Vous êtes également tenu à une obligation de loyauté.

En outre et à titre de VRP exclusif de la société, vous avez accès à des informations strictement confidentielles que vous ne pouvez utiliser à d’autres fins que le seul exercice de votre mission. Cette obligation vous a été expressément rappelée aux termes de votre obligation contractuelle de discrétion.

Or, nous avons découvert, à l’issue d’une enquête interne conclue le 10 décembre dernier, qu’avec Monsieur [L] [V], directeur commercial Belgique, et Monsieur [G] [R], directeur commercial France, et d’autres de vos collègues, vous vous étiez rendu coupable d’actes de concurrence déloyale.

En outre et afin de cacher votre comportement que vous saviez profondément déloyal, vous avez établi une fausse note de frais.

Nous vous reprochons donc la violation de vos obligations contractuelles de fidélité, de loyauté et de discrétion sur les informations confidentielles confiées dans le cadre de votre mission.

Les faits sont les suivants.

La société italienne BT Group nous est directement concurrente puisqu’elle produit et commercialise des stores extérieurs et des pergolas.

Il est établi que Monsieur [L] [V] et Monsieur [G] [R] ont commercialisé, au moins depuis 2016, des produits de cette société notamment auprès de nos clients, et ce en violation de leur obligation de non-concurrence. Ils sont aujourd’hui licenciés pour faute grave.

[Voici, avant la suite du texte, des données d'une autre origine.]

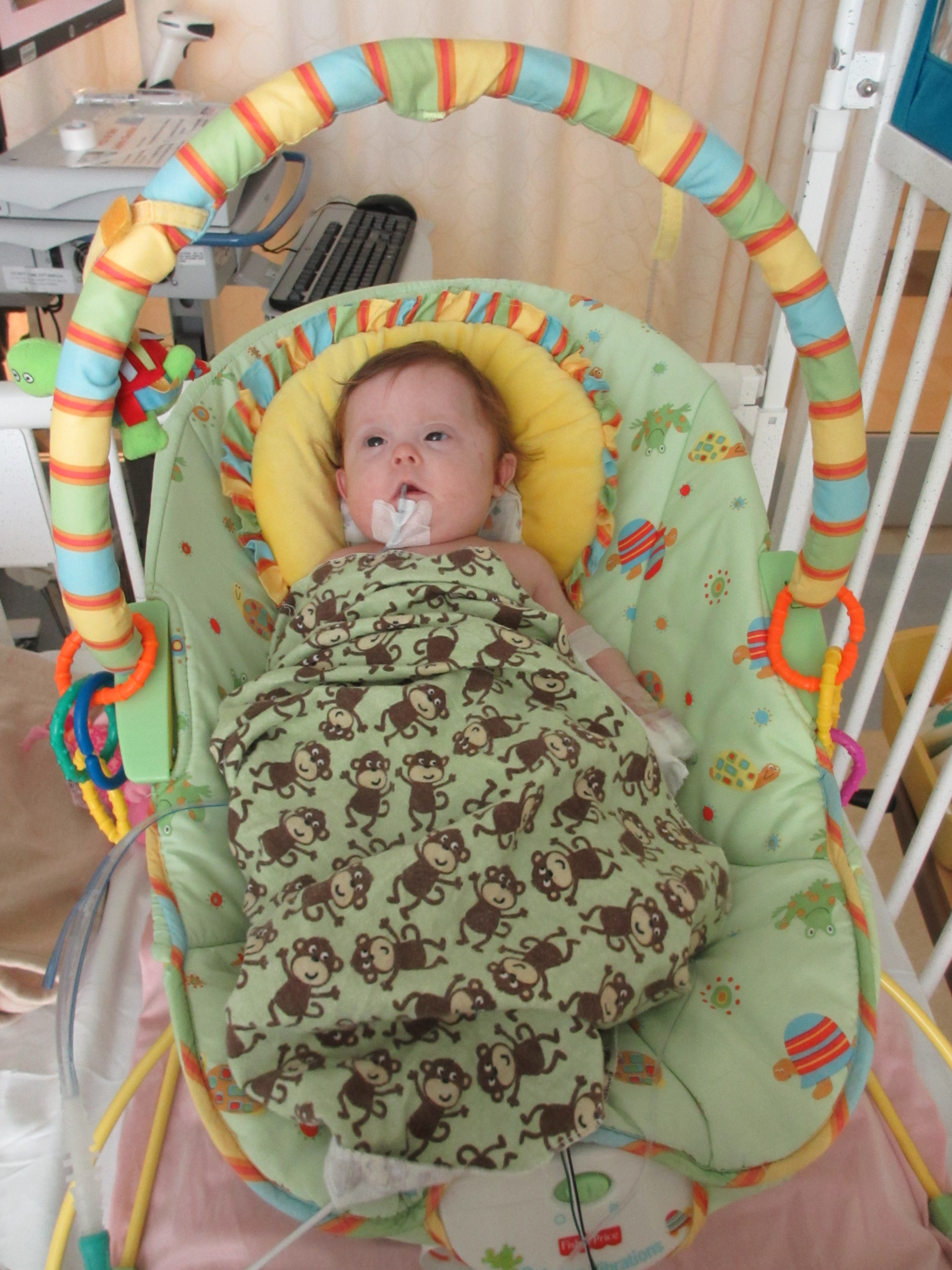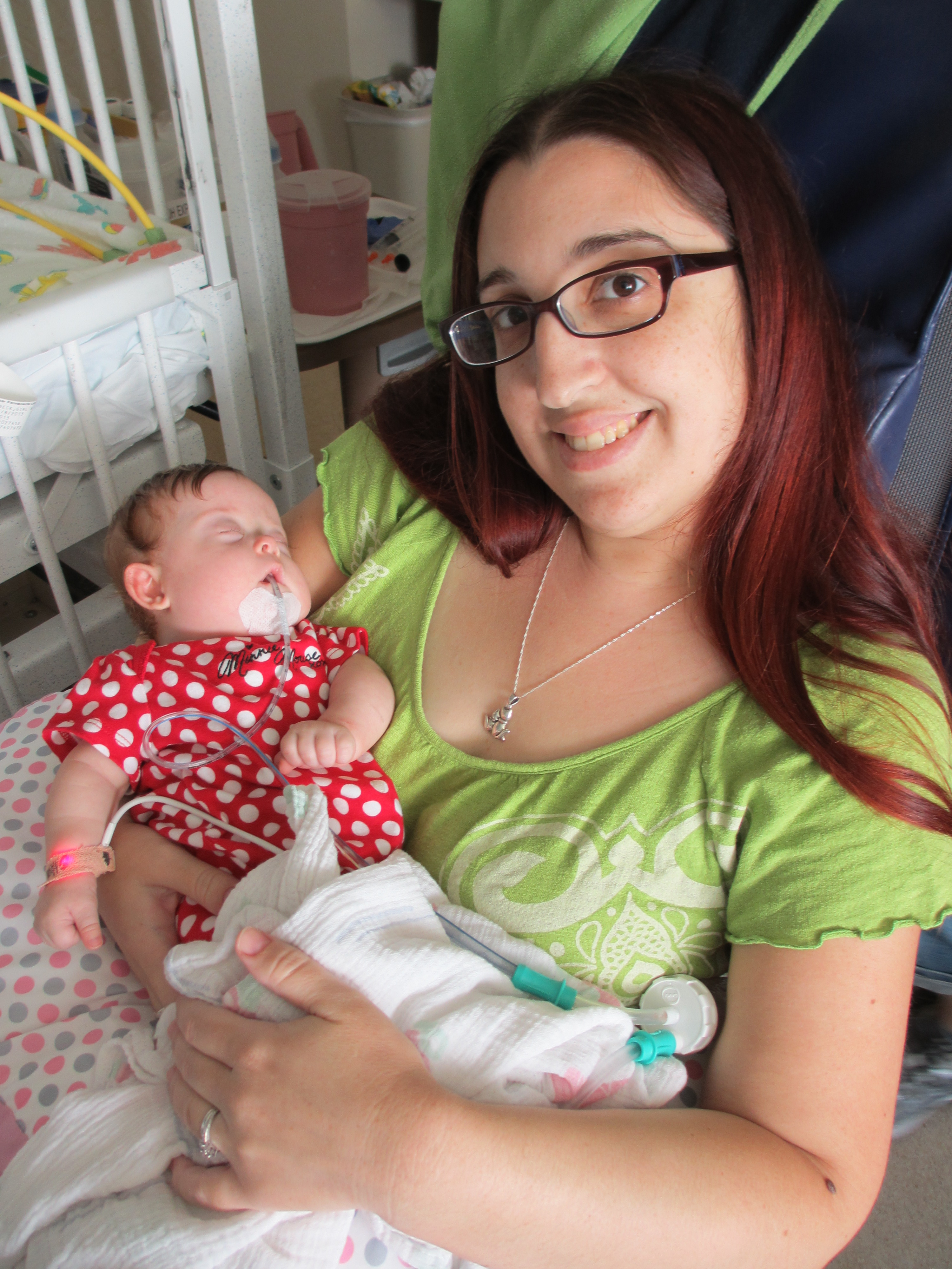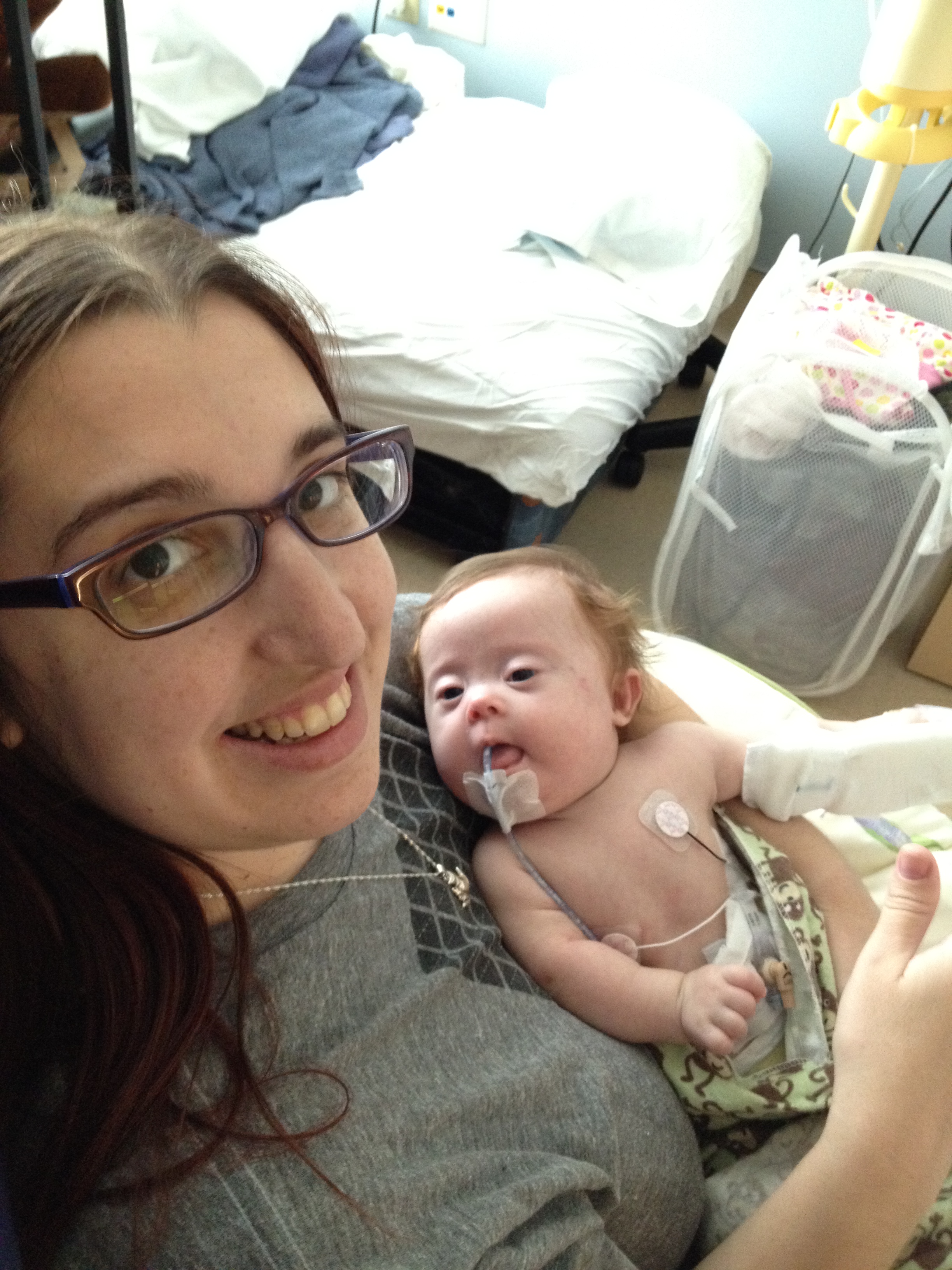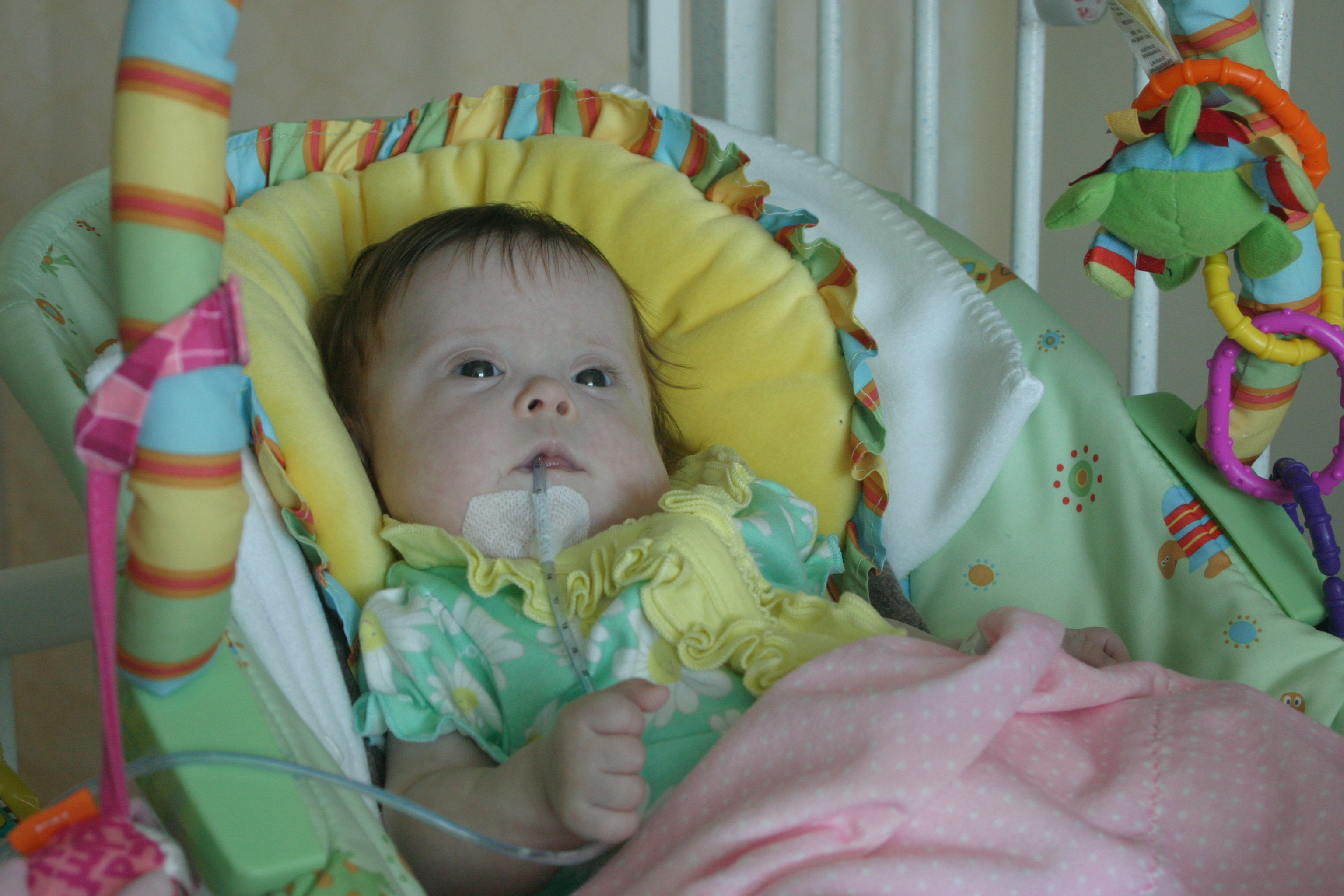 Now for a random musing: It’s funny how nurses sometimes try to rationalize a situation without fully assessing it – kind of like the other day when they assumed BabyBug’s horrible raspy breaths were actually the sounds of the suction tube sucking when in fact they suggested the opposite. Tonight I let the night nurse know that Leah’s suction pump was vacillating between off and barely-on-but-not-really (it’s on low intermittent but this was pretty ridiculously low). She said it was supposed to be like that because it was on low intermittent suction, and headed back out. I watched the meter for a minute to see if it would change, and then went out and got her again and said I thought maybe someone had turned it down because the meter was not really moving and neither were the secretions in the tube (it’s happened a few times that a nurse would put it on continuous suction to flush the tube and then forget to switch it back to intermittent, so someone turning it down was certainly a possibility). She looked and repeated that it was supposed to be like that. I said no, usually the meter is a lot higher. She said she didn’t want to put it any higher because it would suction too much. I said it wasn’t moving at all.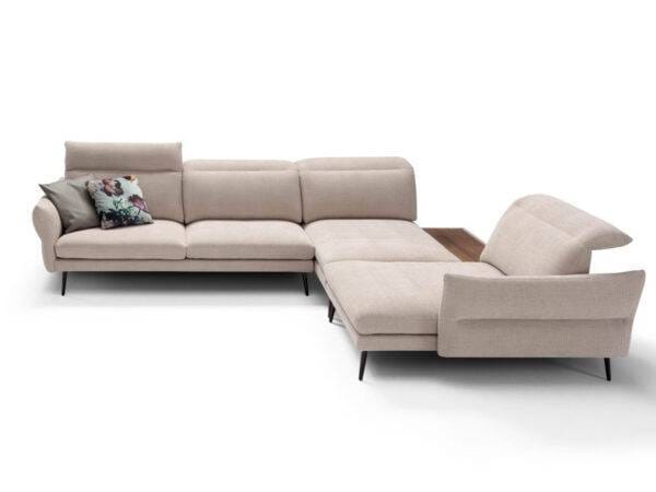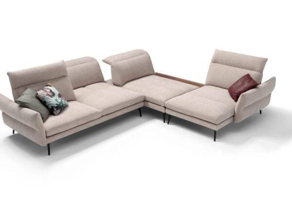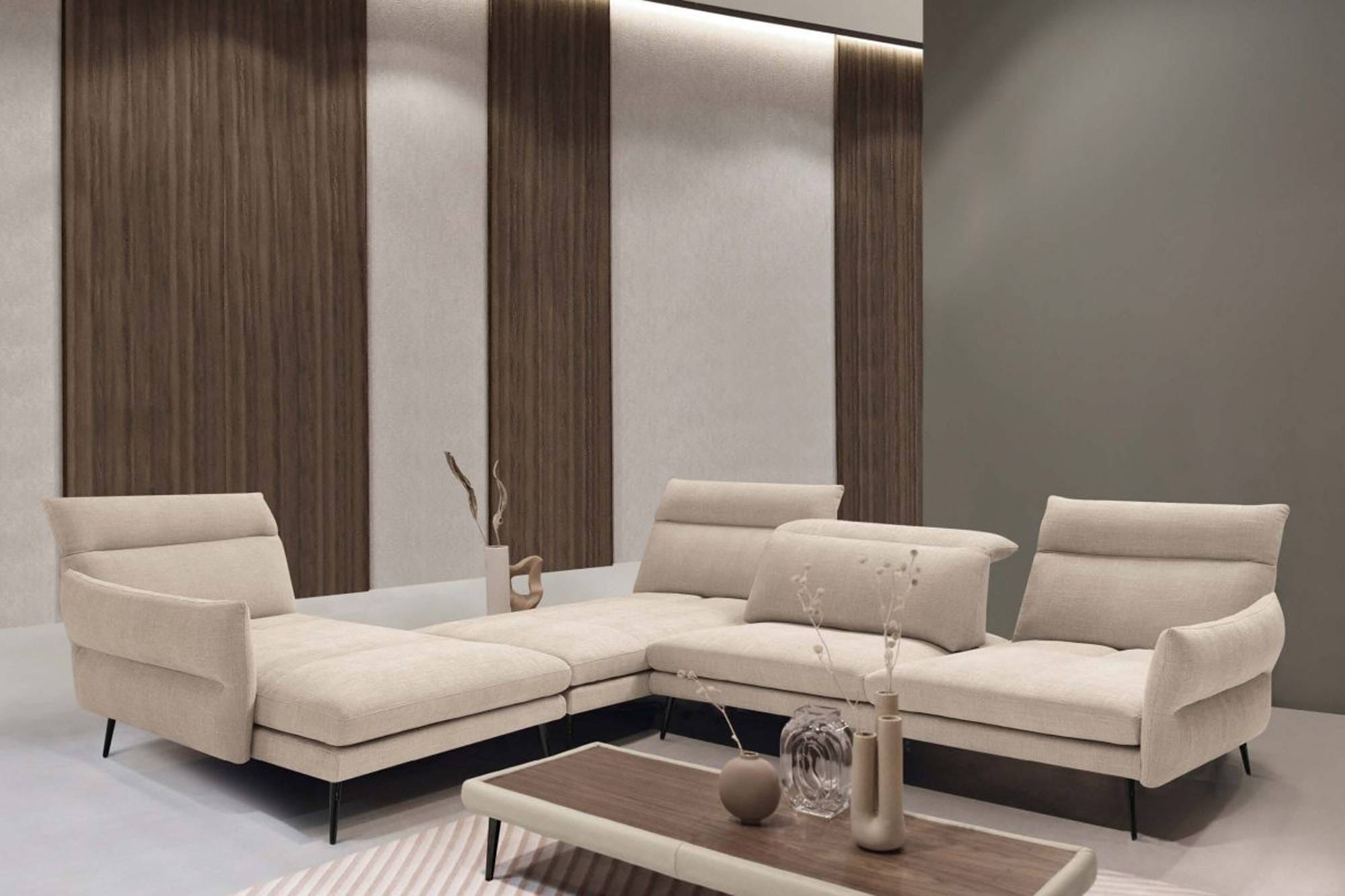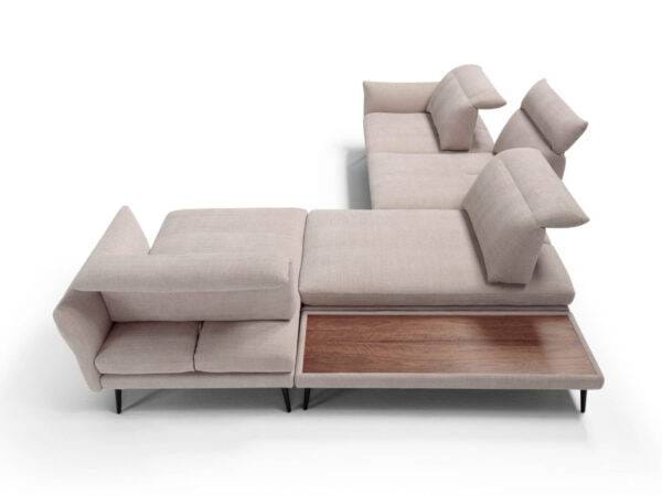 The model consists of a two-seater sofa combined with two chaise longues, arranged to create a right angle. The composition is closed by two armrests, embellished by the sartorial detail of the horizontal quilting. Finally, the functional coffee table finished in Canaletto walnut is an integrated accessory element that contributes to making MODULA the undisputed protagonist of the living area.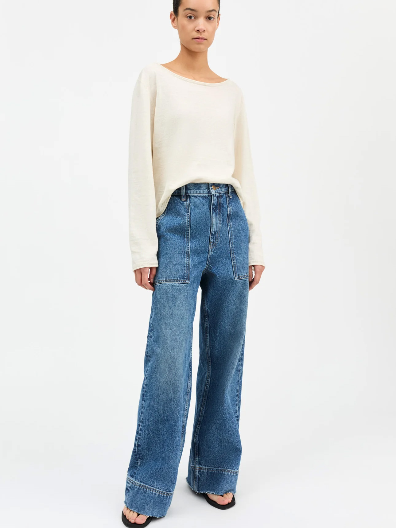 heather jeans highwaist slouchy blue organic gots certified cotton skall studio denmark turkey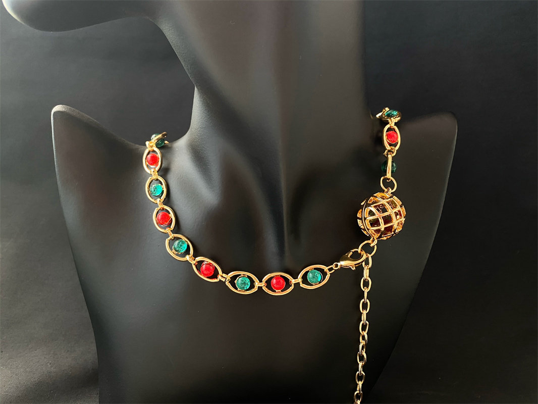 予 233复古Vintage欧美巴洛克镀真金保色琉璃镂空金球手链项链包
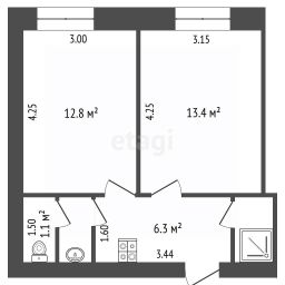 Срочно продается изолированная двухкомнатная квартира "малосемейка" общей площадью 42 м² на 8 этаже 9-этажного кирпичного дома.
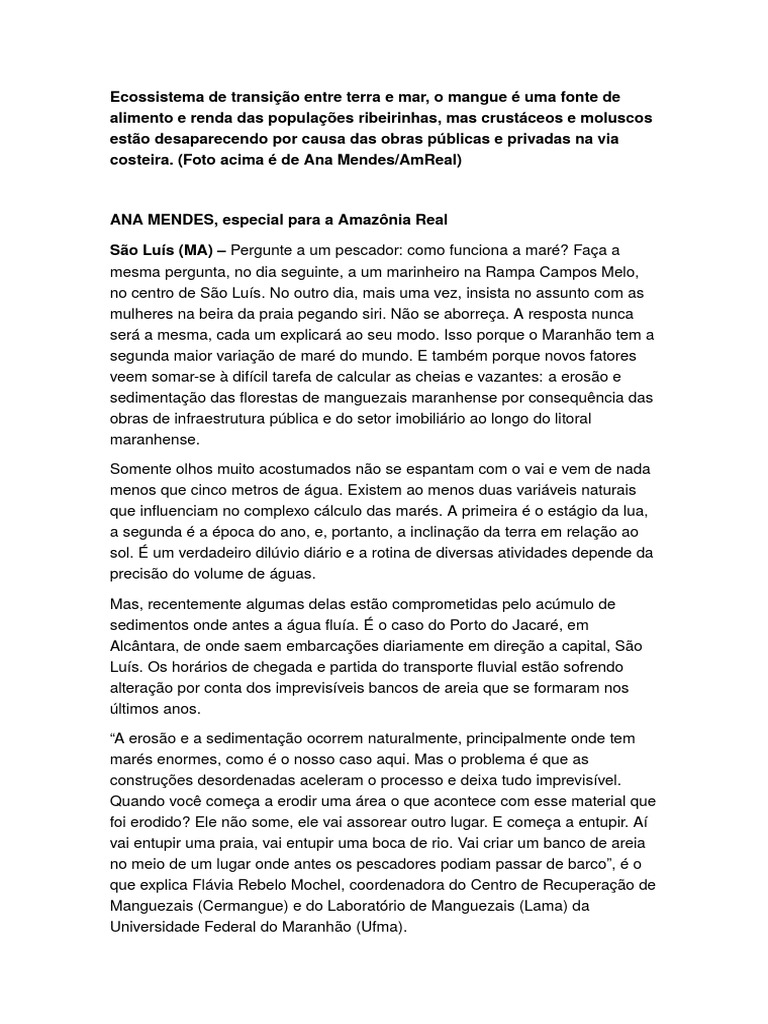 sedimentao das florestas de manguezais maranhense por consequncia das

Or, il est apparu que vous vous êtes joint à leurs actes de concurrence déloyale, puisque vous avez notamment participé, du 14 au 16 mars 2018, à une convention BT Group, à Lesmo en Italie, au cours de laquelle vous avez visité l’usine de notre concurrent, reçu une formation et négocié des conditions d’intervention, et ce sur votre temps de travail et en dehors de votre mission.

Pour mener à bien cette entreprise concurrentielle, vous avez usé de moyens mis à votre disposition pour le seul exercice de votre mission, comme de votre temps de

travail, de votre voiture professionnelle, de la prise en charge de frais de déplacement et de restaurant, et ainsi abusé de notre confiance.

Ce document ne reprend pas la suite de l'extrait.